Fasting — How To Master It?
Fasting activates the cell’s adaptive stress response that many consider for its many beneficial effects. Intermittent fasting has been proved to protect against many age-related diseases including diabetes and cardiovascular disease.
There were many reasons why I’ve decided to try intermittent fasting. For a clearer understanding I will point them out separately.
1. Health concerns
Since I can remember my blood pressure was in the “high-normal” level, usually around 135/80. Because my father had heart problems at age of 45, I wanted to do something to lower my risk. Changing the diet to eat less salt worked, but I couldn’t keep up with it when I wasn’t the one cooking.
2. Medical education
As a medical student I had plenty of information about the importance of proper dieting, the importance of sport and medication. I firmly believe that using medication should be avoided for as long as possible and only after changing eating and living habits proves insufficient. Don’t get me wrong — they are extremely important, but if you prefer to eat a one-pound stake and then take pills for high blood pressure, then I’m sorry, but you are a wreck. And I’m using a nice word to describe you.
3. Nobel prize for autophagy
One of our teachers, although he is quite unorthodox, presented the importance of fasting through a 16/8-hour diet scheme. Although I disagreed with his approach, I can’t argue the evidence behind it (it even got a Nobel prize).
Up until now, the only proven way of living longer is so-called “caloric restriction.” Yeah, you heard me, eating less means living longer.

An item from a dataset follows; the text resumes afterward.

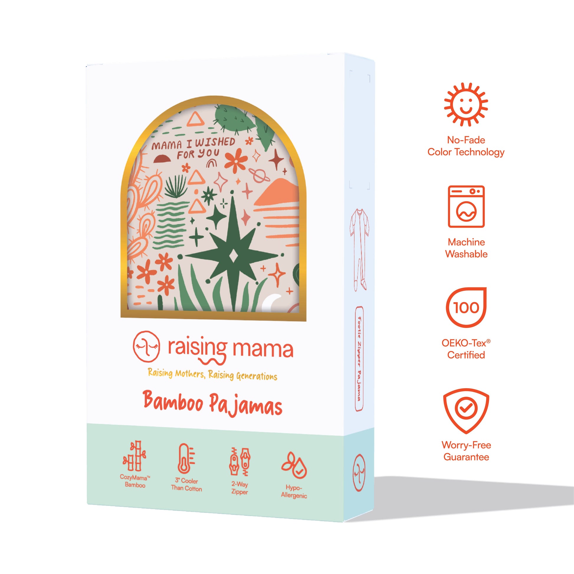 Outfitted with signature Raising Mama® "mama-at-peace" footie grips, this bamboo baby sleeper has elastic backing on the footies for a snug fit, and will hug those baby chubs for extra cozy snuggles.
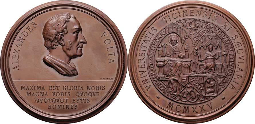 Pavia 1925 - prof. Alexander Volta, opis a nápis / pečeť university, opis, vročení, Sign.Johnson, patinovaný bronz 68mm, 154.378g, krásná patina R!

All the reasons above “forced” me to do something and I’ve decided to try it out. One day per week of eating nothing, 36 hours to be exact. I’ve decided the best day for it was Wednesday, because it’s my rest day from the gym and on weekends it’s hard to say no to food at family gatherings. And yes — you guessed it — it started terribly.
Wednesday number 1
The hunger was almost unbearable at the times when I usually ate (so most of the day). I couldn’t focus, study, read nor play video games. My body just wasn’t used to not eating. The worst part was the night. I had the worst sleep ever, nightmare after a nightmare. I’ve never slept so bad in my life. And the tingling all over my face and twitching hand movements…
Wednesday number 2
My body was a bit more adept. The hunger was terrible only three times (when I usually have breakfast, lunch and dinner). My brain was foggy, but not as much as last week. I even played basketball and did a lot of outside activities (TOO MUCH!). Why too much? With food you get up to 30% of water and I didn’t drink enough. My punishment? One of the worst headaches in my life. It started in the evening, but even though I drank water it was too late. It woke me up in the middle of the night and I had to go eat, so I could take the NSAIDs (ibuprofen). So, this was an important lesson. DRINK and DRINK and DRINK (water of course).
Wednesday number 3
I drank more water. My headache was moderate, but bearable. It got worse after playing outside (probably used too much glucose). I slept terribly.
Wednesday number 4
My body finally got used to it. My day was good! No headache! But because I didn’t have that much of a headache…I was hungry way too much. I woke up at 4:25 and couldn’t sleep anymore. I had nightmares. I had to eat something and then I could fall asleep again.
Wednesday number 5
Finally. The day was okay! The night was okay! I was hungry just twice: when my parents had lunch and at 9:00 p.m. I even played outside, my reflexes were a bit slow, but I was still able to do a lot. I had no headache. I was worried about it in the evening, especially because I couldn’t fall asleep for at least 30 minutes. But then I sleep until eight o’clock without any problem. I had more vivid dreams, but nothing that would wake me up. In the morning I wasn’t even hungry. I think it helped I ate late the day before (at 23:00), so my fasting was “just” 32 hours.
Conclusion
I was never able to fully dismiss my hunger. I don’t think I’ll ever be able to do it, but the whole idea is to gain more and more control.
I have (sadly) given up on the practise, but I’m planning to re-try it again. Hopefully this inspires someone to join me.
And the answer on how to master it: with time.